00:13:10.000 Not to mention that randomized trials are usually pretty terrible for looking at adverse events because they're not long enough for the adverse events of serious consequence to actually accrue.
00:13:21.000 As you pointed out, it could take seven or ten years or even longer to know what some of those serious adverse events eventually are.
00:13:29.000 And the Pfizer trial, for example, two weeks after the trial data were unblinded and the results reported, They converted all of the placebo subjects to active arm vaccination subjects, making it impossible to do a comparison of the adverse events in any longer time frame.
00:13:48.000 The other thing is that...
00:13:50.000 I think it was two months, is that correct?
00:13:53.000 Right, right, could be.
00:13:54.000 And the other thing is that...
00:13:58.000 These trials are never large enough to look at the adverse.
00:14:04.000 They're never statistically significant for adverse events because their sample size calculations for statistical significance are based on the expected outcome of interest, which is the vaccine, you know, infection or whatever the outcome is, reduction with the vaccine.
00:14:21.000 So, for example, in the Pfizer trial, there were some 44,000 participants, which you would think means it's a large study.
00:14:30.000 But in fact, the study only had 162 infections in the placebo group, which is okay, statistically speaking, but only eight in the vaccine group.
00:14:42.000 And eight individuals as outcome events in a randomized trial are not randomized because eight doesn't get...
00:14:48.000 Random numbers don't work until you get to 50 or 100 people.
00:14:52.000 Then everything works out in the balance.
00:14:55.000 Like flipping a coin 50 or 100 times, you get close to 50-50.
00:14:59.000 But at 8, you don't.
00:15:00.000 You could get, you know, 6 and 2 easily enough, or 5 and 3.
00:15:05.000 And that's not close to 50-50.
00:15:06.000 And that in itself is already a violation of randomization should that happen, which is pretty likely.
00:15:14.000 So, if there are that many outcomes, think how many fewer adverse events are likely to have happened of a serious nature, you know, in those people.
00:15:24.000 It's relatively small in terms of the two months or four months or whatever the duration of the trial actually was.
00:15:31.000 It's just not long enough and large enough to see what the real spectrum of adverse events is.
00:15:37.000 And especially now that we've seen with Ed Dowd and the insurance company data, That the peak of the all-cause mortality seems to occur five to six months after vaccine rollout.
00:15:49.000 So we're talking about, you know, that kind of time period, even just to get to the all-cause mortality results, let alone longer-term things like cancers and chronic cardiovascular disease and so on, that might be affected by these vaccines.
00:16:03.000 But we have no way of telling, except for the early people On that spectrum.
00:16:09.000 And because of that, it's too short and too few.
00:16:13.000 The numbers are too few to make up for the too short period of time, even with 44,000 people tested.

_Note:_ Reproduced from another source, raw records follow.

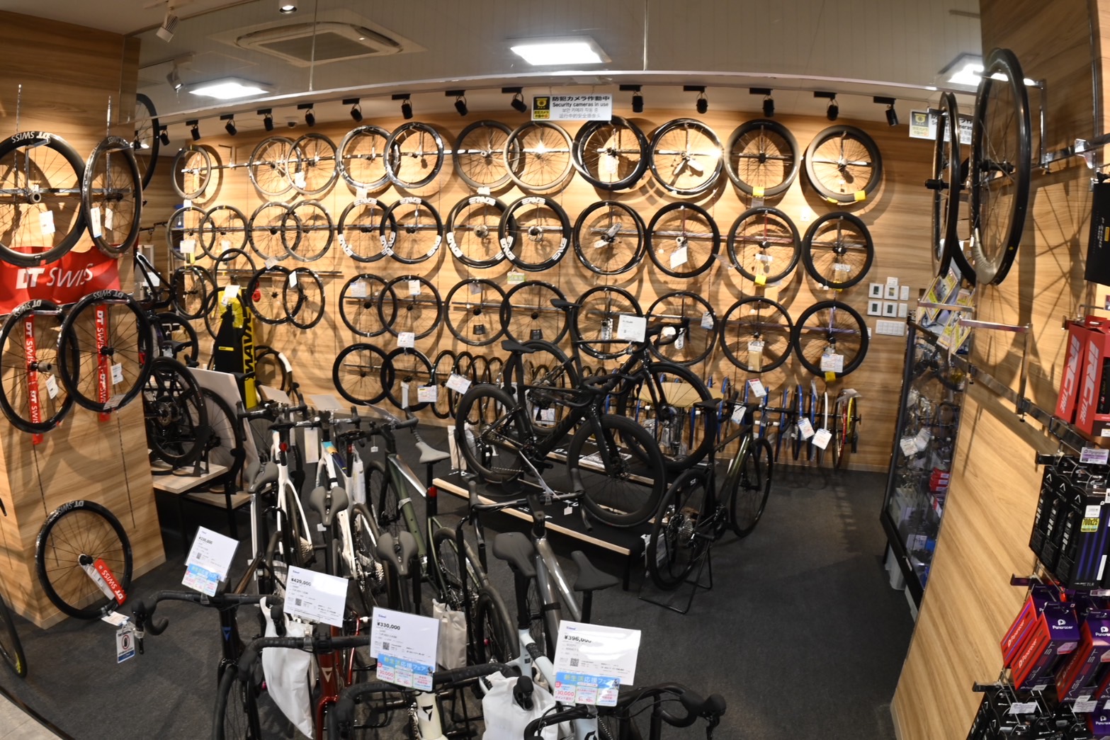 そしてコチラはフロアの中央に位置する、ミドルグレード以上のロードバイク&ホイールコーナーです!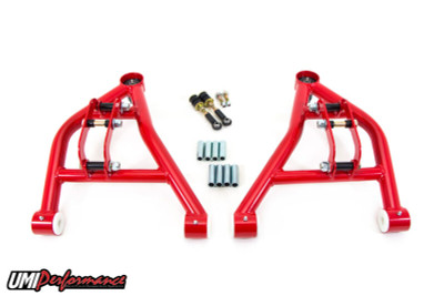 UMI’s Corner Max line of race a-arms are designed from the ground up to be the best performing stock mount a-arm upgrade on the market. The P/N 2655 arms are strong yet lightweight and feature a removable lower mounting system to permit spring changes at the track without separating the ball joints. The ball joint cup is moved forward the proper amount to add up to 4 degrees caster potential and is loaded with high quality Howe standard height ball joints. The double shear coilover mount accepts race industry standard ½” rod end shocks and comes with spacers for all popular models. Also included is a double shear sway bar mount and corresponding end link. The end link fits UMI 4035 and 4067 as well as many other factory fit sway bars.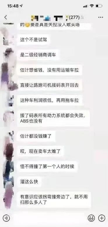 据说,这次事故并非4S店带客户试驾,而是4S店为了省钱,让员工开着无牌无保险,且拔掉了ABS传感器的新车进行区域“调货”所引起的。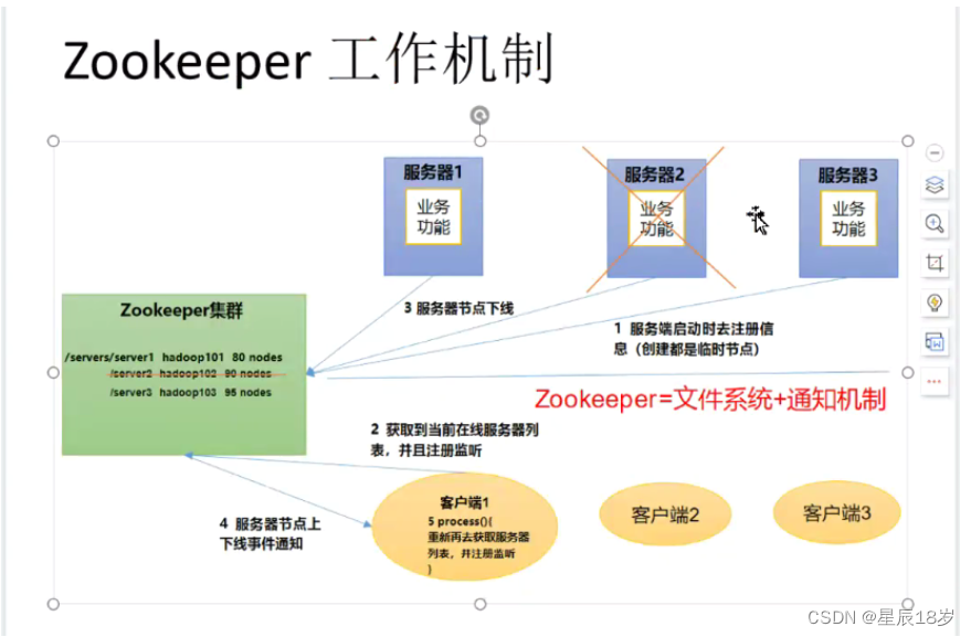 (2)ZooKeeper可以实现实时监控节点状态变化。可将节点信息写入ZooKeeper上的一个ZNode。监听这个ZNode可获取它的实时状态变化。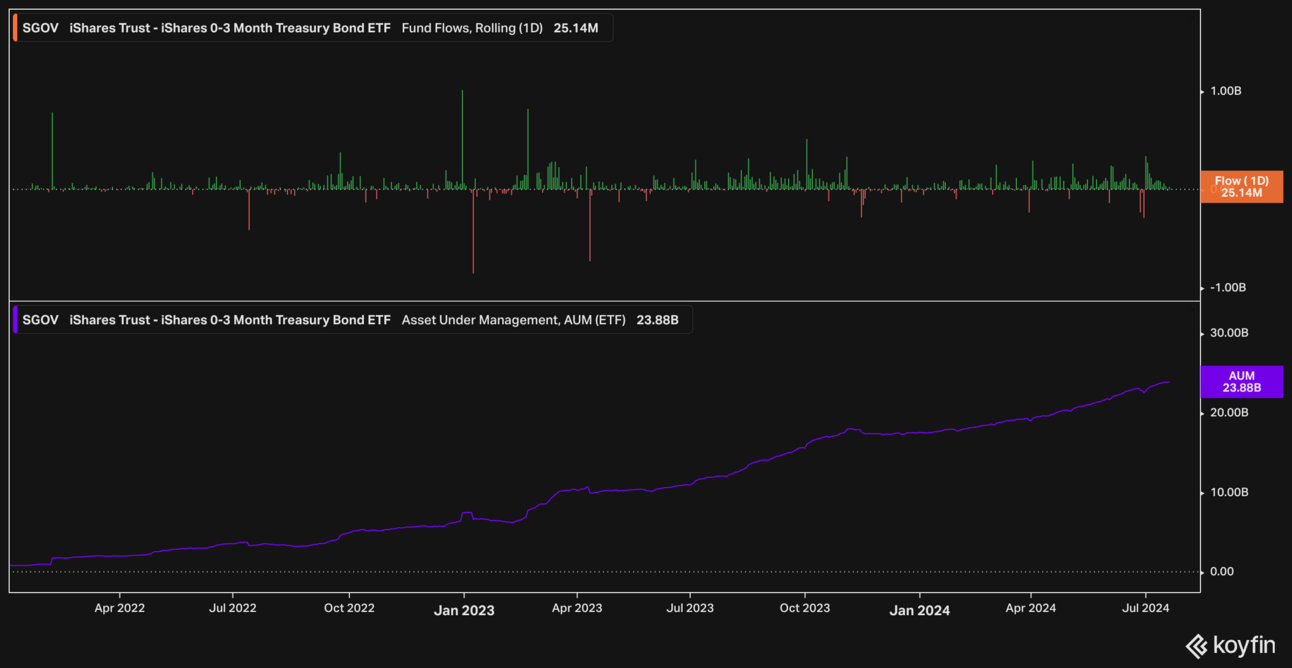 Now, SGOV manages almost $24 billion. Investors keep putting money in to earn attractive short-term returns on cash in the latest hiking cycle. The only outflow days in 2024 were the month-ends, when investors rebalance their Treasury portfolios.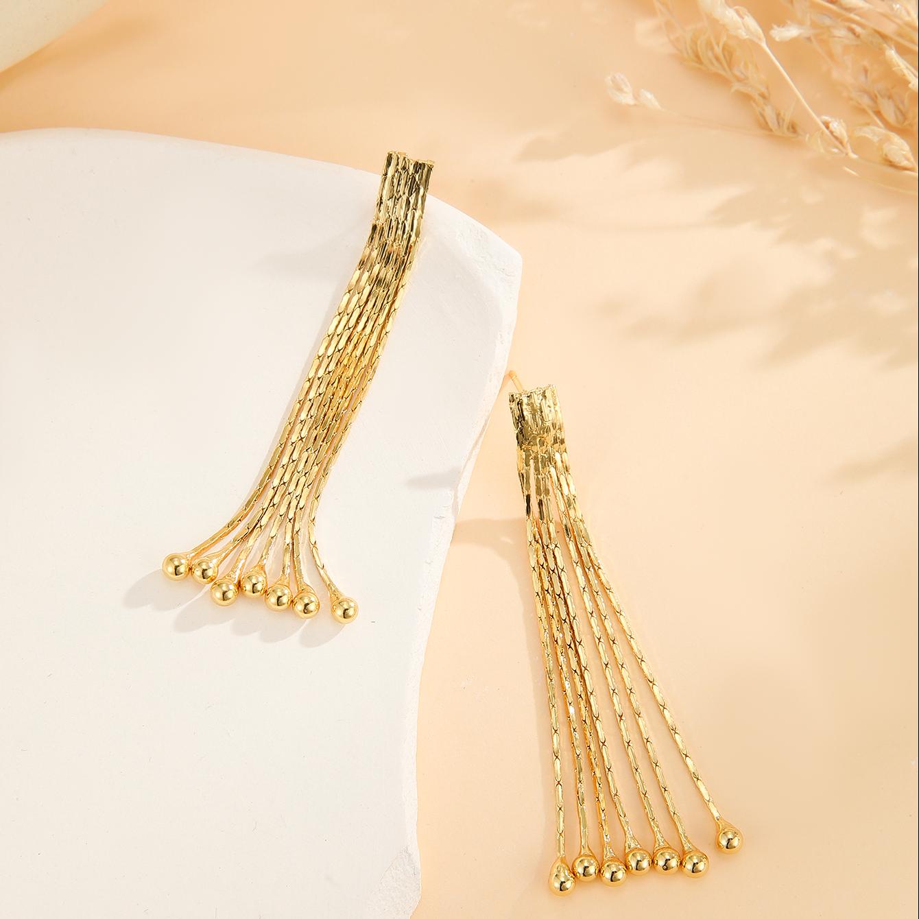 1. Metal tassel earrings, composed of a gold bead chain at the end.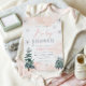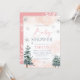 Vinterduschinbjudan till babyduschar med snöflingor gräs träd och en boho-design.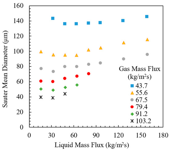 The effect of superficial liquid velocity on droplet size is more complex and may depend on droplet formation mechanisms [6,10,50,56]. Figure 5 shows the variation in d32 with liquid mass flux, which was reproduced based on the data from [6]. The droplet size decreases with an increasing liquid mass flux at low gas and liquid flow rates, and then it increases after passing a minimum. Similar trends were also observed by several other researchers, such as [10,50,56]. Teixeira (1988) [10] noticed that the greater the gas flow rate, the lower the liquid flow rate at which the minimum occurred.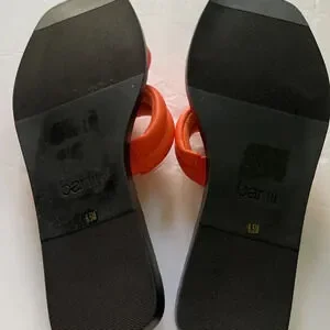 Preowned. All man made material. Soft Plush quilted straps, square toe, cushion insole and metallic studding at welt.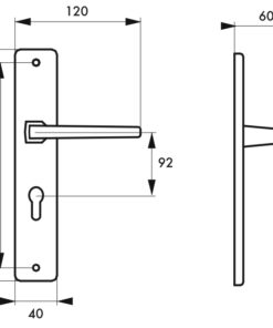 Interior door handle PICARDIE cylinder hole between axes 92 mm
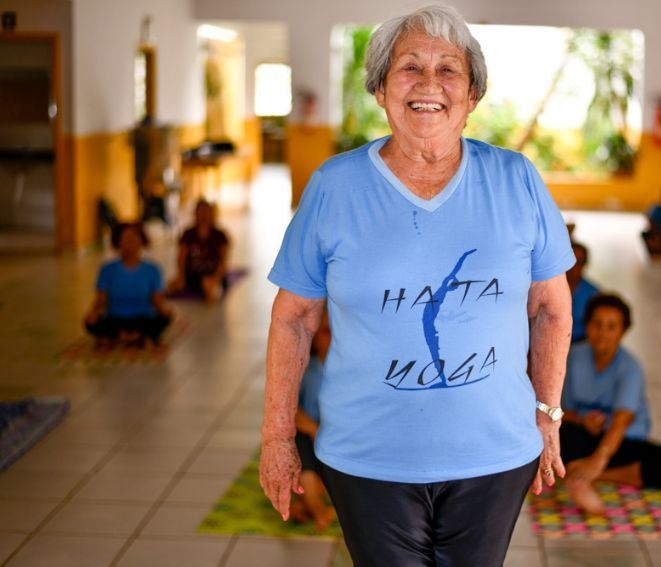 Aos 82 anos, Dona Rosinha dá aulas de yoga gratuita em centro de convivência de idosos

00:16:18.000 Yeah, a couple of times you've called me.
00:16:21.000 I'm using Pfizer's data against Pfizer because, you know, Pfizer's data showed that in all-cause mortality, they gave the vaccine to 22,000 people and they gave the placebo to 22,000 people.
00:16:36.000 And in the vaccine group, there were 21 deaths.
00:16:40.000 And in the placebo group, there were 17 deaths over that six-month period.
00:16:45.000 And so I said, that doesn't mean that if you get the vaccine, you're 23% more likely to die in the next six months, which is a fair interpretation of the data.
00:16:56.000 But you said to me, you can't even say that because there were so few people.
00:17:00.000 The data is completely worthless.
00:17:03.000 Well, it's very worthless, if not completely worthless.
00:17:06.000 The problem is that numbers like 16 and 21 tell you only a little bit, but they have high variability.
00:17:14.000 16 or 17 could have been 19 or could have been 13.
00:17:17.000 That's just random fluctuations.
00:17:19.000 And so we don't really know how much more the adverse events in the vaccinated people were compared to the placebo people.
00:17:27.000 Yes, the best estimate is that the vaccine conveyed more adverse events than the placebo.
00:17:33.000 But are we convinced that that is the reality?
00:17:35.000 No, there's just not enough to be able to say that in a statistically convincing way based on such small numbers.
00:17:40.000 You know, on your own personal journey, did you start out as a kind of idealist, believing that government and, you know, the public health officials were actually would be swayed by good science, and then you gradually, you know, had that idealism So I think yes and no, mostly yes.
00:18:04.000 I've thought all along for many decades that governments have an obligation to lie to the population.
00:18:12.000 In order to protect the population to a certain degree, that the job of the government overall is to protect the country, and with some nuance, of course.
00:18:21.000 But if that entails having to lie to protect the country for national security interests, then that may be warranted.
00:18:29.000 It doesn't apply for the government to lie to protect their own personal interests or their administrative interests or something like that.
00:18:37.000 So, that's why we have national secrets that, you know, that the government knows lots of stuff about lots of countries and we have spies all over the world and all that stuff and all that's kept secret because it's the government's job to protect us through those kinds of tools.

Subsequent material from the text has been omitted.